<<<<

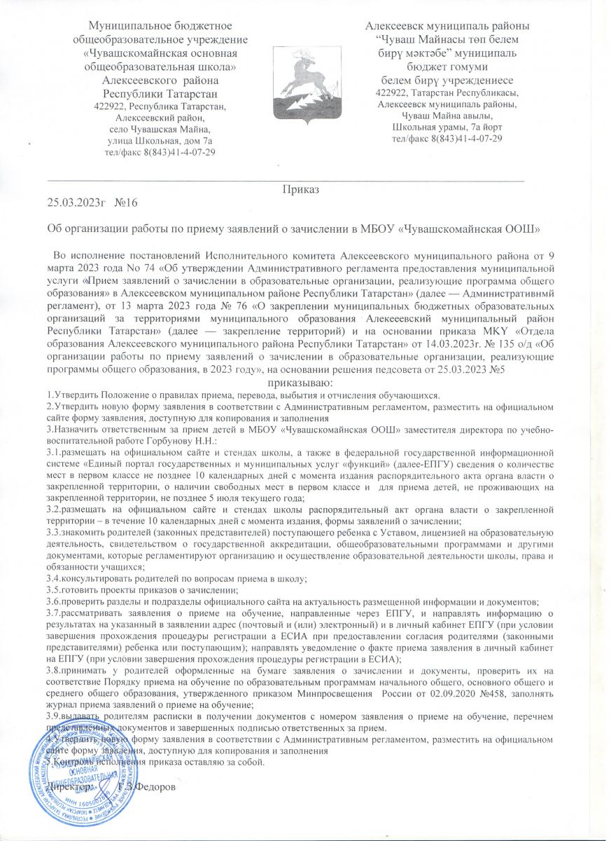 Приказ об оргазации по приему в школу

>>>>
<<<<

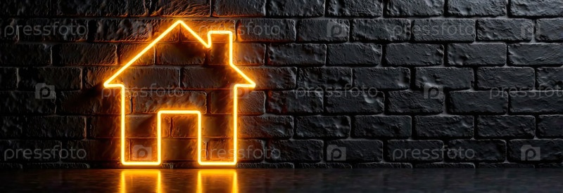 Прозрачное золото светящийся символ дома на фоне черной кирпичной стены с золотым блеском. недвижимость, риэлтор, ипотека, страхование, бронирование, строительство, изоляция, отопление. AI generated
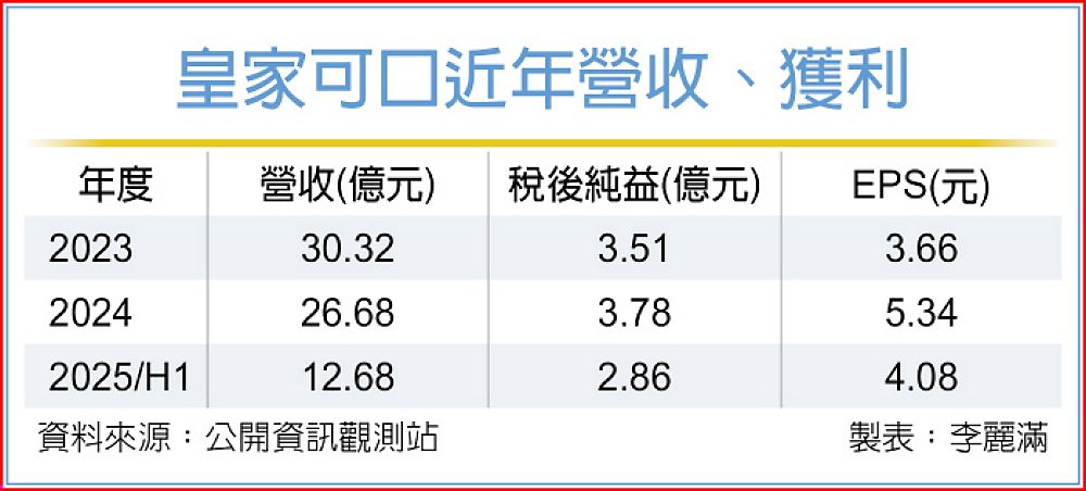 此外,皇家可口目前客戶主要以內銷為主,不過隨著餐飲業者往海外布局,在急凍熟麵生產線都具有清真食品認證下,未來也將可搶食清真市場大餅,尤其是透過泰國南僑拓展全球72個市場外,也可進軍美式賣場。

>>>>

- [EXERCISE PROMPT]: For this exercise, return exactly the lines above from the line with "Прозрачное золото светящийся" through the line with "此外,皇家可口目前客戶主要以", both included. Do not copy the pictures.

- [SOLUTION TO THIS TASK]:
 Прозрачное золото светящийся символ дома на фоне черной кирпичной стены с золотым блеском. недвижимость, риэлтор, ипотека, страхование, бронирование, строительство, изоляция, отопление. AI generated
 此外,皇家可口目前客戶主要以內銷為主,不過隨著餐飲業者往海外布局,在急凍熟麵生產線都具有清真食品認證下,未來也將可搶食清真市場大餅,尤其是透過泰國南僑拓展全球72個市場外,也可進軍美式賣場。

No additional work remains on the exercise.